La democrazia? È la maschera delle nuove élite

Luca Negri

Da anni in Occidente e in particolar modo in Italia va la polemica anticasta. I vari populismi trovano eccome motivi di battaglia contro le aristocrazie che oggi reggono il mondo. Viene però da chiedersi se non sia sempre stato così, una questione generazionale, di lotta e successione nella gestione del potere. La storia è forse un «cimitero di aristocrazie», come sentenziò Gaetano Mosca, politologo siciliano convintamente antifascista ma elitista. E la democrazia? Solo uno strumento adatto ai tempi per l'imporsi di una nuova casta, che deve fare l'anticasta in campagna elettorale. E l'uguaglianza, la promessa francese? Forse la più smentita delle tre, la più utopistica. Per nulla egualitari e democratici appaiono infatti i quattro campioni del pensiero politico del Novecento antologizzati in Élites. Le illusioni della democrazia (Gog edizioni, introdotto e curato da Lorenzo Vitelli, pagg. 136, euro 13): Gaetano Mosca, Vilfredo Pareto, Roberto Michels e Antonio Gramsci. Non stupisca la presenza del fondatore del Partito comunista italiano, che da buon marxista leninista credeva in una nuova aristocrazia, avanguardia del proletariato, per forza di cose non tanto proletaria. Ma le pagine antologizzate sulla «egemonia» sono lucidissime: «Le idee e le opinioni non nascono spontaneamente nel cervello di ogni singolo: hanno avuto un centro di formazione, di irradiazione, di diffusione, di persuasione».
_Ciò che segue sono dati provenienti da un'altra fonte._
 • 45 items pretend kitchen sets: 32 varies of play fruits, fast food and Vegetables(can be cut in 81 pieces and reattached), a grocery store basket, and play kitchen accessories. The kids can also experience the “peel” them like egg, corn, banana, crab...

Una certa fantascienza ci arriverà più tardi a lavorare su cose del genere. Gramsci dal carcere, con realismo eroico, affermava che un partito, conservatore o progressista che sia, necessita di capo carismatico, di un Cesare. Anche Gaetano Mosca tirava in ballo i guerrieri, i pionieri dell'istinto oligarchico, a cui contadini e sacerdoti chiedevano protezione. Il liberista Pareto è noto anche per esser stato maestro del Benito Mussolini socialista in esilio in Svizzera ai primi del secolo. Insegnava che la storia è continua creazione di élites, continua selezione di concorrenti. Si combatte tuonando valori e soluzioni universali, ma sempre partigiane, interessate, con lo scopo di strappare il potere alle élites precedenti. E si tratta sempre di parricidi, dato che «quasi tutte le rivoluzioni hanno avuto per capi dei membri dissidenti di un'élite».
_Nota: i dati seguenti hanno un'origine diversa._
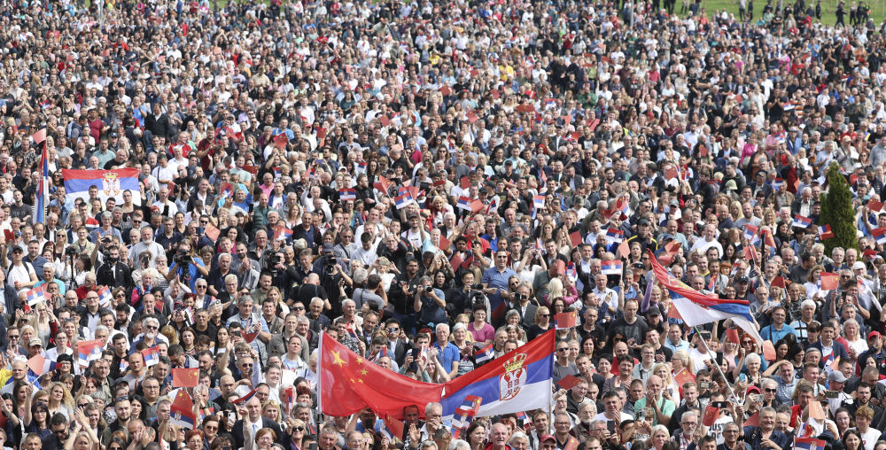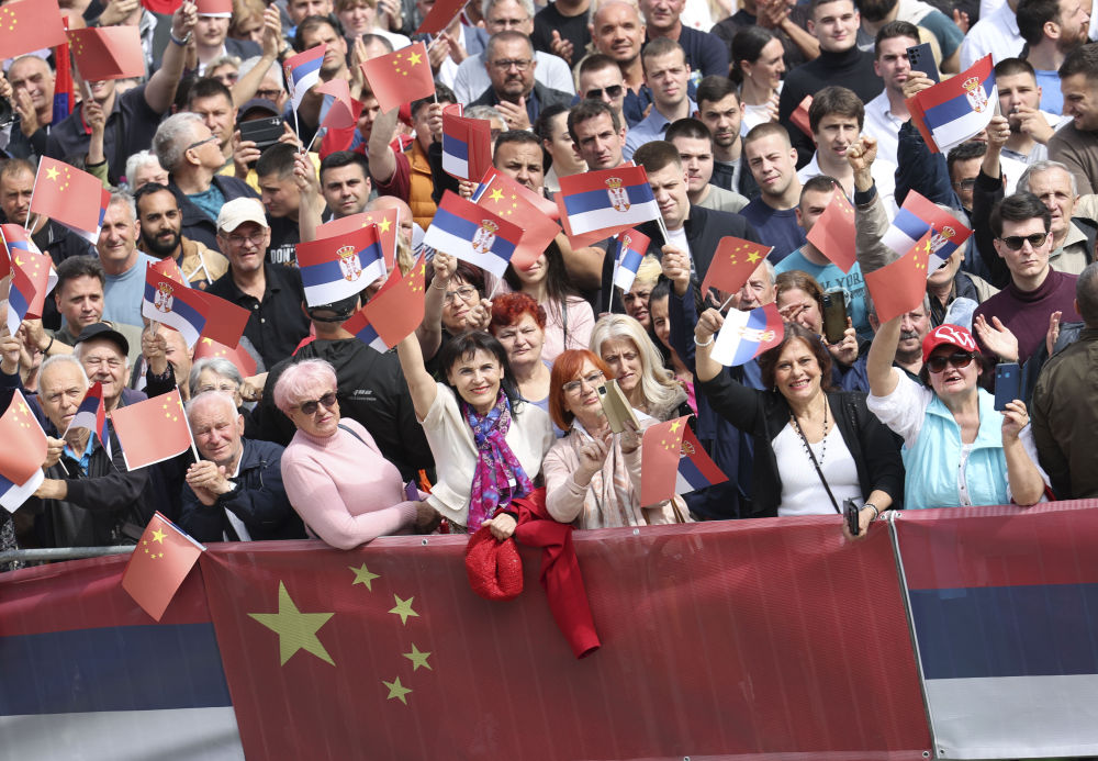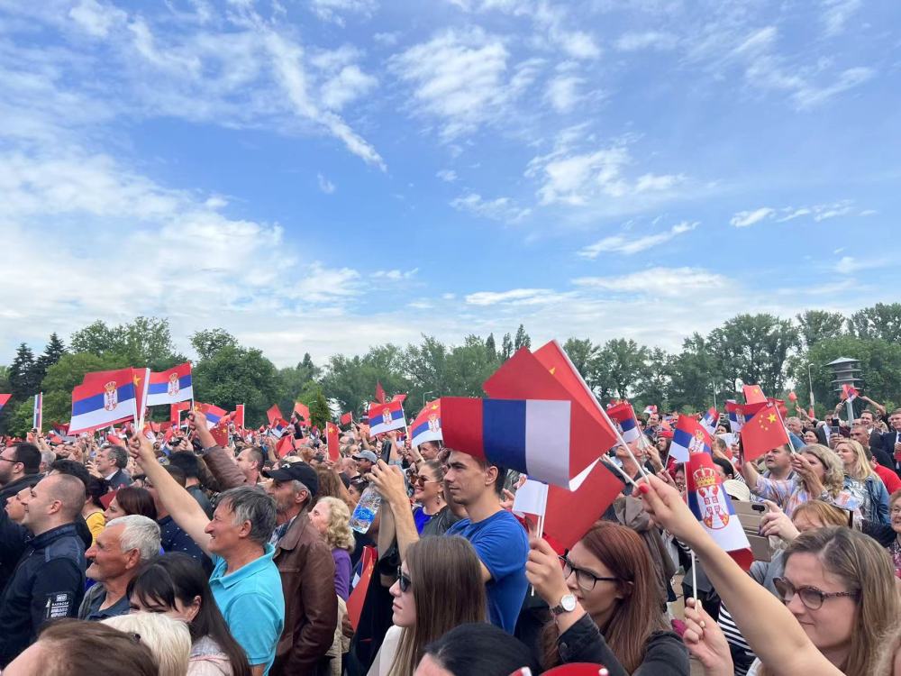 大廈廣場(chǎng)上,一萬五千名塞爾維亞民眾揮舞中塞兩國國旗,對(duì)習(xí)近平表示最熱烈的歡迎。

Le aristocrazie non durano, vengono abbattute con rivoluzioni capitanate dai fuoriusciti da tali decadenti aristocrazie. Tutto il fascismo e la guerra civile col suo lascito sembrano confermare le vedute di Pareto, che morì poco dopo la presa del potere del Duce. Di Mussolini si fidò anche Roberto Michels, docente di economia a Torino. Vedeva «immanente presenza di tratti oligarchici in ogni aggregato umano» e sfiorava forse la magia scrivendo che «rappresentare significa spacciare la volontà di un singolo per volontà d'una massa». I duci son secondo lui «indispensabili».

In questa utile antologia è forse futile cercare analogie con la politica odierna, poiché, come ricorda Vitelli nell'efficace introduzione, siamo nell'era degli imperativi di mercato, non della politica. Al potere c'è un altro livello di terziario: manageriale, astratto, globalizzato, in allarme per le future aristocrazie.